The margin of the window is the distance between the side of the window and the game window displayed. Shown below is the preview of a game with 100 px margins on all 4 sides.

Notice the black borders on all for sides of the window. The width of the borders is 100px.

Game window size and game resolution

GDevelop distinguishes between two different sizes:

  • The game window size is the physical size of the window on the screen, in pixels.
  • The game resolution is the number of pixels of the game area that is drawn (the logical viewport). If the resolution differs from the window size, the game image is stretched (or letterboxed) to fit.

The "Game window size" action changes the size of the window on Windows, macOS and Linux. It has no effect on games running in a browser or on mobile, since their window cannot be resized by the game. The action has a "Also update the game resolution" option:

  • If "YES", the game resolution is updated to match the new window size. The game keeps its visual quality and more of the game world becomes visible (because more pixels are drawn).
  • If "NO", the game resolution stays the same. The existing game area is stretched (or shrunk) to fit the new window size, which may make the image more pixelated or blurry.

The "Game resolution" action changes only the resolution (the size of the rendered area), without changing the window size. This is useful for games that need a fixed logical viewport regardless of how the window is sized.

Game resolution resize mode

The "Game resolution resize mode" action controls how the game resolution adapts when the window or screen size changes (in particular, useful for HTML5 games where the page can be resized at any time):

  • adaptWidth: the width of the game resolution is updated so the game fills the window horizontally. The aspect ratio is preserved.
  • adaptHeight: the height of the game resolution is updated so the game fills the window vertically. The aspect ratio is preserved.
  • (empty string): resizing is disabled. The game is stretched or letterboxed to fit the window, keeping the original resolution.

You can additionally use the "Automatically adapt the game resolution" action to enable or disable this automatic adaptation at runtime — it only has an effect if a resize mode (adaptWidth or adaptHeight) is set.

Center the window

The "Center the game window on the screen" action moves the window to the center of the screen. This only works on Windows, macOS and Linux — it has no effect for games running in a browser, on Android or on iOS.

Window title

The window title is the name of the window that is visible on the title bar (located at the top) of the window.
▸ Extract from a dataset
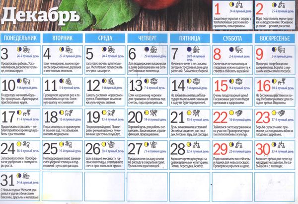 - 11-13 décembre. Jour lunaire - 5-7. Signe du zodiaque - Verseau. La phase grandit. Sur le site, inspectez les semis, disposez les pièges à souris. Retirer les déchets excédentaires du territoire. Vérifiez la sécurité de la culture.

The default title name is "Preview of ProjectName" during a preview.

By default, the game name is used for the executable name (on Windows, macOS and Linux), the app name (on Android and iOS) and the title bar (on Windows, macOS and Linux) (and the page title for HTML5 games). You can learn more about it in game properties.

With the action to change the title, the title bar on Windows, macOS and Linux will be changed. Nothing will be visible on Android and iOS. For HTML5 games, the web page title will be changed.

Reading window and screen sizes

A few expressions are available to read the current sizes:

  • SceneWindowWidth() and SceneWindowHeight(): the current width and height of the game resolution (the logical drawing area). This is the size you most often want when positioning your UI or computing in-game coordinates.
  • ScreenWidth() and ScreenHeight(): the width and height of the screen on native platforms, or of the containing page/canvas for HTML5 games running in a browser.

Reference

All actions, conditions and expressions are listed in the window reference page.